Requirement: Word for word, transcribe the data below from the line with "Koszula o dopasowanym" to the line with "The default design", keeping both of those lines.

Entries provided:
****
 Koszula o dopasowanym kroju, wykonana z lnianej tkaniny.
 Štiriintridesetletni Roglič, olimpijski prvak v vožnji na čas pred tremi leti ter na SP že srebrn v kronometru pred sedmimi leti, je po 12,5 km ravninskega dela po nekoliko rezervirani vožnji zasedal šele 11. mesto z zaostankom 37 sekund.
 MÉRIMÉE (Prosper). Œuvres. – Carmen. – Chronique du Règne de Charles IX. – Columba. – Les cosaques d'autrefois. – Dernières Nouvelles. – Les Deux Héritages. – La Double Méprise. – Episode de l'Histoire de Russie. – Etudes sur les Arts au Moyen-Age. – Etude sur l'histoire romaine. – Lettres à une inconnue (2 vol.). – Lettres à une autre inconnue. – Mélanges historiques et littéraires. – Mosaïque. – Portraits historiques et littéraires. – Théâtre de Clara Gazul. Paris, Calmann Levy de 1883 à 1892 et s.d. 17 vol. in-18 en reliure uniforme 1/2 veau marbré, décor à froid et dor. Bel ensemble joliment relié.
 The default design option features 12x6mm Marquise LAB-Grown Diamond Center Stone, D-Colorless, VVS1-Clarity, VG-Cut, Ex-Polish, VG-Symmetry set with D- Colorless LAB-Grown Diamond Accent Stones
****
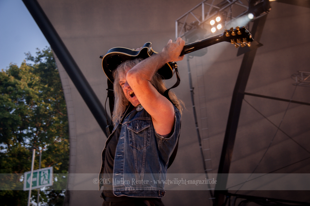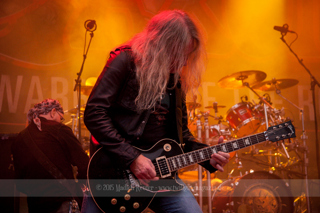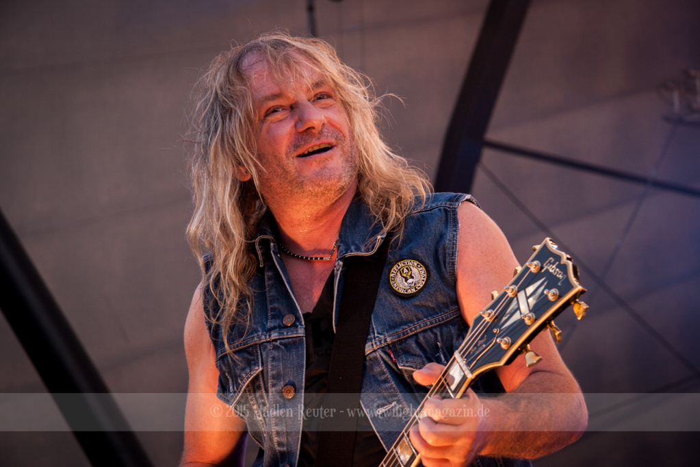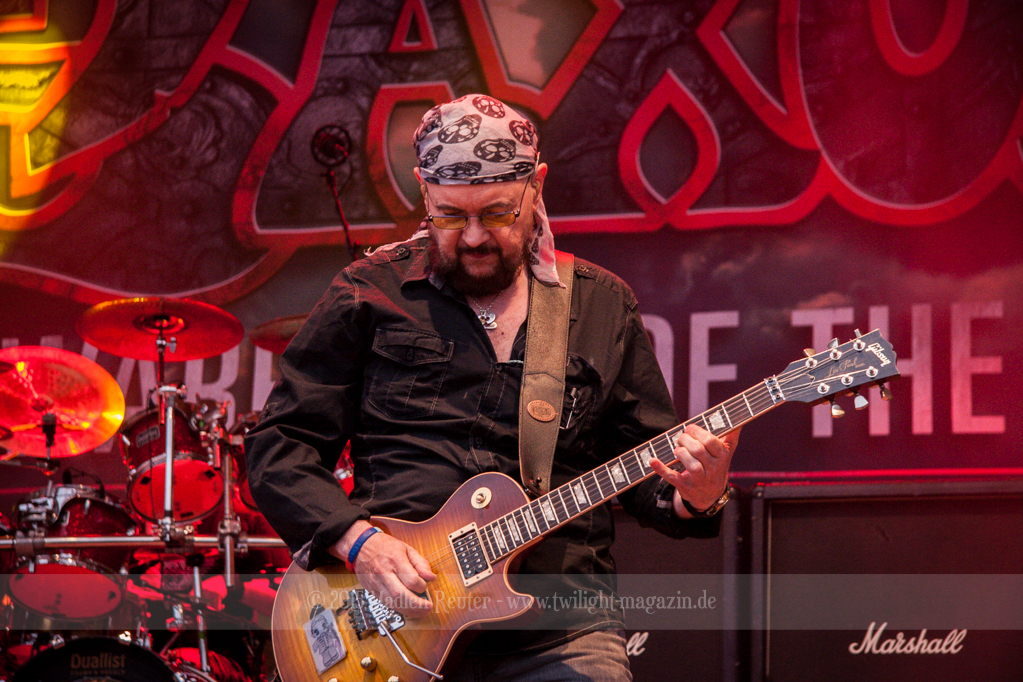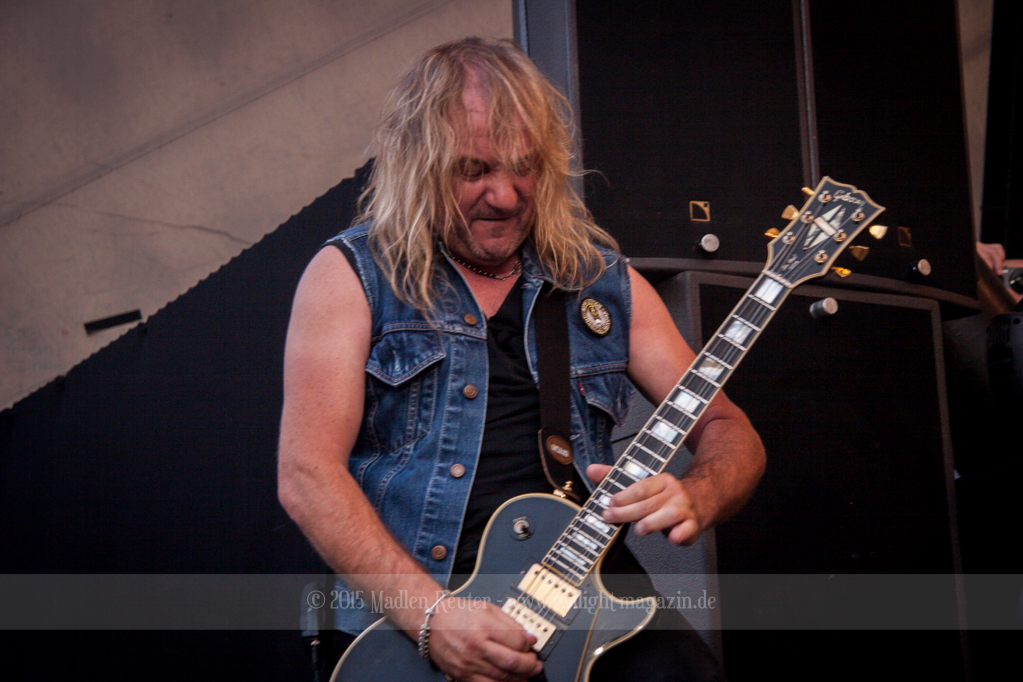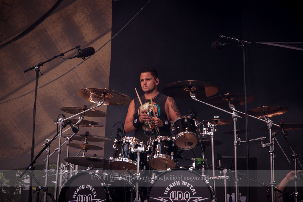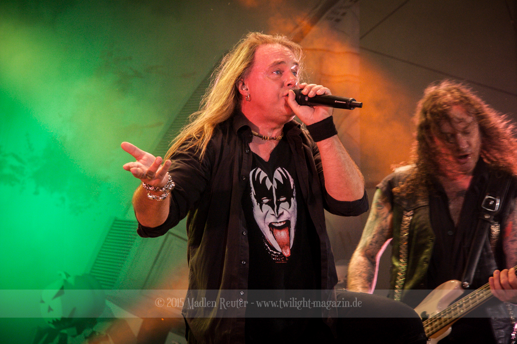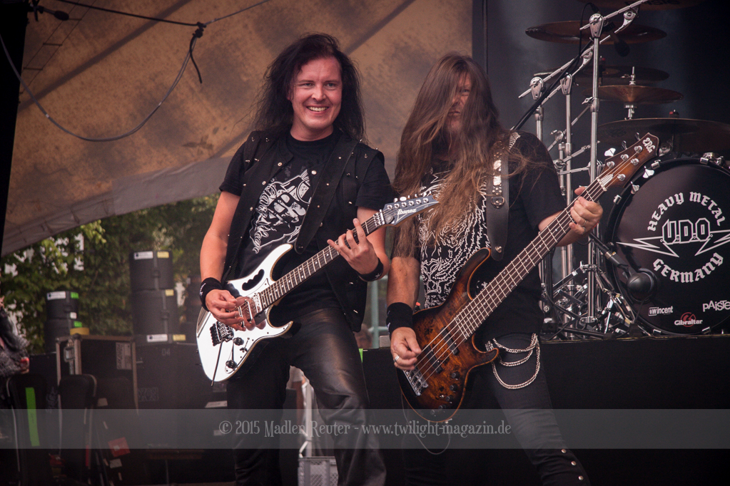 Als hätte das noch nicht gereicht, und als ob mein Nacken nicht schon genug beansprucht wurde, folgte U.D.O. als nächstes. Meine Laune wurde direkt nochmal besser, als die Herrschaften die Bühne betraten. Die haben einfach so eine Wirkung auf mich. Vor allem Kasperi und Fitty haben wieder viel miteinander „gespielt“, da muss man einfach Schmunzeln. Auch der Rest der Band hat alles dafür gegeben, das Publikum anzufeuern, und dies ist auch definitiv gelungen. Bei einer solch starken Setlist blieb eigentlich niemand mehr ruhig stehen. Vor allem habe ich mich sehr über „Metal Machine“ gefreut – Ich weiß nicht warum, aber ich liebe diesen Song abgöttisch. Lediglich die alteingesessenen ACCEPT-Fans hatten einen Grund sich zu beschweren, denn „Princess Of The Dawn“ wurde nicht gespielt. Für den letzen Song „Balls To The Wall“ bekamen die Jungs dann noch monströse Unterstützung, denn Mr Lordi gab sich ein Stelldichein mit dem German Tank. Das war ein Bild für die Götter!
****
Solution to the exercise:
 Koszula o dopasowanym kroju, wykonana z lnianej tkaniny.
 Štiriintridesetletni Roglič, olimpijski prvak v vožnji na čas pred tremi leti ter na SP že srebrn v kronometru pred sedmimi leti, je po 12,5 km ravninskega dela po nekoliko rezervirani vožnji zasedal šele 11. mesto z zaostankom 37 sekund.
 MÉRIMÉE (Prosper). Œuvres. – Carmen. – Chronique du Règne de Charles IX. – Columba. – Les cosaques d'autrefois. – Dernières Nouvelles. – Les Deux Héritages. – La Double Méprise. – Episode de l'Histoire de Russie. – Etudes sur les Arts au Moyen-Age. – Etude sur l'histoire romaine. – Lettres à une inconnue (2 vol.). – Lettres à une autre inconnue. – Mélanges historiques et littéraires. – Mosaïque. – Portraits historiques et littéraires. – Théâtre de Clara Gazul. Paris, Calmann Levy de 1883 à 1892 et s.d. 17 vol. in-18 en reliure uniforme 1/2 veau marbré, décor à froid et dor. Bel ensemble joliment relié.
 The default design option features 12x6mm Marquise LAB-Grown Diamond Center Stone, D-Colorless, VVS1-Clarity, VG-Cut, Ex-Polish, VG-Symmetry set with D- Colorless LAB-Grown Diamond Accent Stones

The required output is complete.